Suprimida toda estructura jerárquica de la Iglesia, la comunidad cristiana que soñaba Miguel Servet se sustentaría en la pureza de la fe, la libertad y la tolerancia, sin persecuciones de los disidentes, ni ritos ni ceremonias. Católicos y protestantes hallaron en Restitución del cristianismo gravísimas herejías, y Servet fue arrestado en Vienne por la Inquisición francesa con los materiales aportados, directa o indirectamente, por Calvino.
A fuego lento
Logró evadirse, por lo que fue sentenciado a muerte en ausencia el 17 de junio de 1553 y quemado en efigie. Cuatro meses después, denunciado por Calvino –quien condenaba a los herejes y blasfemos igual que los católicos–, sería capturado en Ginebra y castigado a arder vivo a fuego lento.
En respuesta al libro de Calvino en el que este intentaba justificar la muerte de Servet, el humanista italiano Sebastiano Casteglione afirmó: “Yo no defiendo la doctrina de Servet; lo que ataco es la mala doctrina de Calvino. Después de haberlo hecho quemar vivo, se ensaña ahora con él, ya muerto. Matar a un hombre por sus ideas no es defender una doctrina; es matar a un hombre”.

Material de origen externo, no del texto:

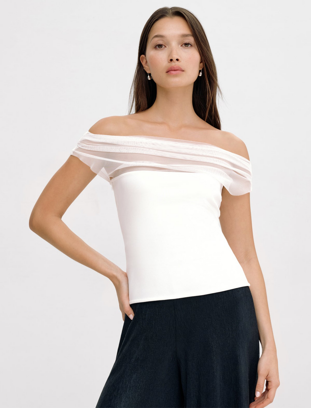 “Love that this top can be worn over the shoulders or off. Went perfect with the White Georgia pants for an all white party. Great material and loved the style.”
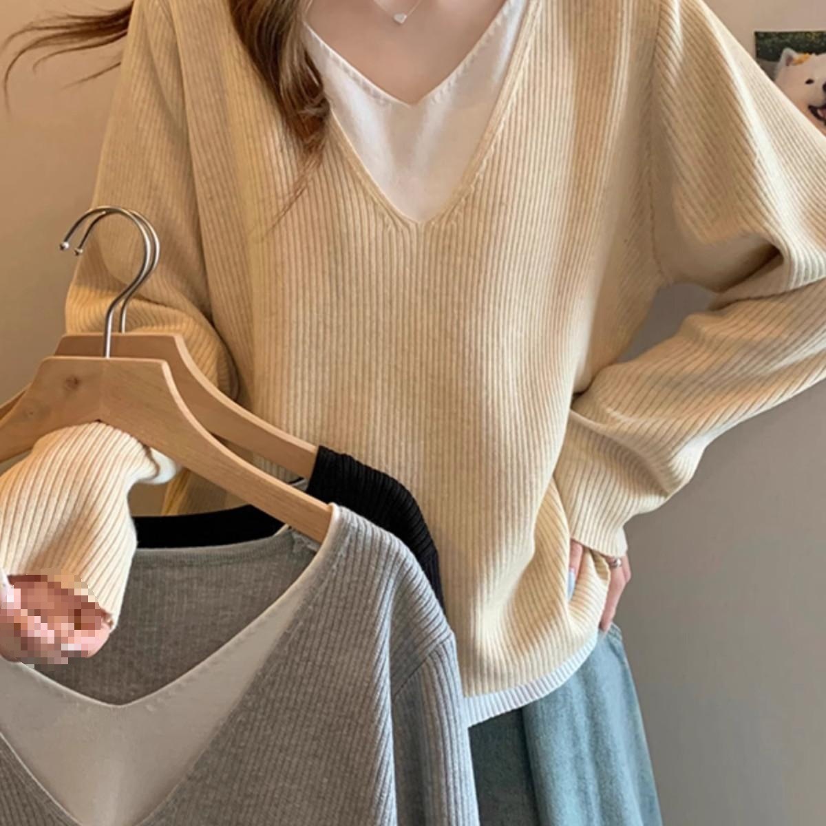 大きいサイズの太ったmmの長袖の偽の2つの色のニットの女性の秋冬の新型のvネックの底のシャツはやせてゆったりしている上着を現します。
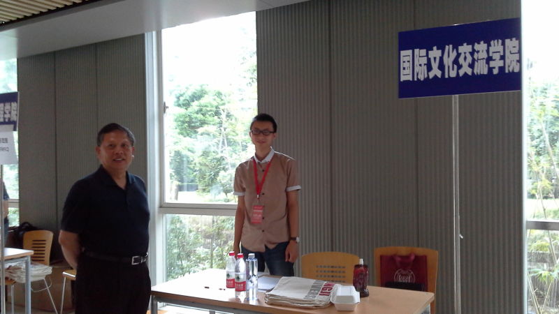 9月6日早晨7:30,综合楼一楼迎新会场和学院206汉语国际教育教学管理中心,刘涛和姚伟嘉老师已各就各位。

La muerte de Servet, sometido al tormento horrible de las llamas –pues hasta la decapitación que suplicó llorando se le negó–, como la de Savonarola o Giordano Bruno, acusa a sus acusadores y constituye una de las mayores lacras históricas del fanatismo religioso.
Heterodoxo por antonomasia, el sabio español, supremo médico, científico y teólogo, fue siempre un fervoroso creyente. Un mártir por su radical cristianismo, más cristiano, aunque menos ortodoxo, que el doctrinarismo impuesto por la Iglesia romana y la luterana. Su principal legado, el derecho a la libertad de conciencia y de expresión en una época en que no se podían proclamar las propias creencias sino con peligro de la vida, continúa vigente.
Como señaló Roland H. Bainton en su espléndida biografía de Servet, hoy nos horroriza que aquel gran hombre fuera convertido en cenizas por sus ideas, “pero no dudamos en reducir a polvo ciudades enteras bajo el pretexto de defender nuestra cultura”.